Welcome to the multi-runtime agent problem. And it's becoming the unglamorous infrastructure challenge nobody talks about.

The Runtime Fragmentation Reality

In 2026, teams don't run all agents on one platform. They can't. Different agent types need different runtimes:

Claude Managed Agents — Anthropic's first-party platform for natural-language task agents
Bedrock AgentCore — AWS's environment for agents that access AWS services
Cursor Agents API — agents that live inside code editors
Custom/Self-hosted runtimes — Daytona, E2B, or internal frameworks
Workflow platforms — N8N, Elastic agents, Databricks agents

Each runtime has a different API. Different session models. Different cost models. Different access control approaches. Different ways of invoking agents and waiting for results.

The problem emerges when you want to:

Centralize agent discovery — developers and non-technical users need to find and run agents, regardless of where they were built
Enforce unified governance — cost controls, access policies, audit logging that work across runtimes
Manage sessions consistently — persistent conversations that survive reboots, with memory that travels with the agent
Track outcomes in one place — observability, cost attribution, success metrics across all agents
Give teams access without console sprawl — developers shouldn't need Anthropic console access, AWS console access, and custom runtime dashboards

If you solve this with point-to-point integrations (Claude API → your UI, Bedrock API → your UI, etc.), you're building a fragile, expensive custom platform. If you ask engineers to pick a single runtime and standardize on it, you lose optionality.

Most teams pick neither solution. They leave agents in silos.

Why This Matters Now

The conversation on Reddit in May and June 2026 shifted from "should we build agents?" to "which agents should we run where?" The practical builders are asking:

Where do we get the biggest ROI per token spend?
Which runtime handles our specific task best?
How do we avoid rebuilding the same agent on three platforms?

This is economic rationality. Different agents have different homes.

But the infrastructure question is still open: how do you operate them all together?

The Control Plane Pattern

AI Gateway infrastructure is moving up the stack. Model runtimes are becoming managed, harnesses become specialized, and gateways become the control plane for agent work.
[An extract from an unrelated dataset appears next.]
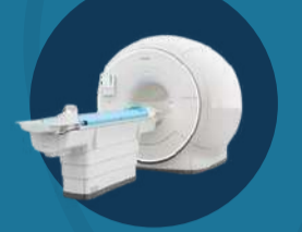
1.5T Helium free MRI

LiteLLM is experimenting with this direction through LiteLLM Agent Platform—a unified agent control plane that lets teams register, invoke, observe, and govern agents across multiple runtimes.

Here's what this looks like in practice:

Before a control plane:

Engineering: Claude Managed Agents for task automation
Security: Custom Daytona sandbox for sensitive data
DevOps: N8N workflows for infrastructure changes
Result: Three separate dashboards, three cost centers, three auth systems, zero visibility into total agent spend

After a control plane:

One dashboard where all four agents are registered
One API for invoking any agent, regardless of runtime
One cost attribution system (agent cost, runtime cost, model cost, user cost)
One access control layer (which team can run which agent, with what budgets)
One session store (agent sessions persist across invocations)

The control plane doesn't replace the runtimes. It sits above them. It separates concerns: runtimes stay responsible for model routing, cost tracking, and rate limiting, while the control plane handles sandbox lifecycle, session persistence, and the management dashboard.

What a Multi-Runtime Agent Platform Needs

If you're evaluating whether a control plane fits your team, look for these capabilities:

Runtime abstraction — Can it talk to Claude Managed Agents, Bedrock AgentCore, self-hosted runtimes, and custom APIs? Or is it locked to one?

Persistent sessions — If an agent is stateful (remembers context, tools, artifacts), does the platform persist that session across reboots, or does every invocation start from scratch?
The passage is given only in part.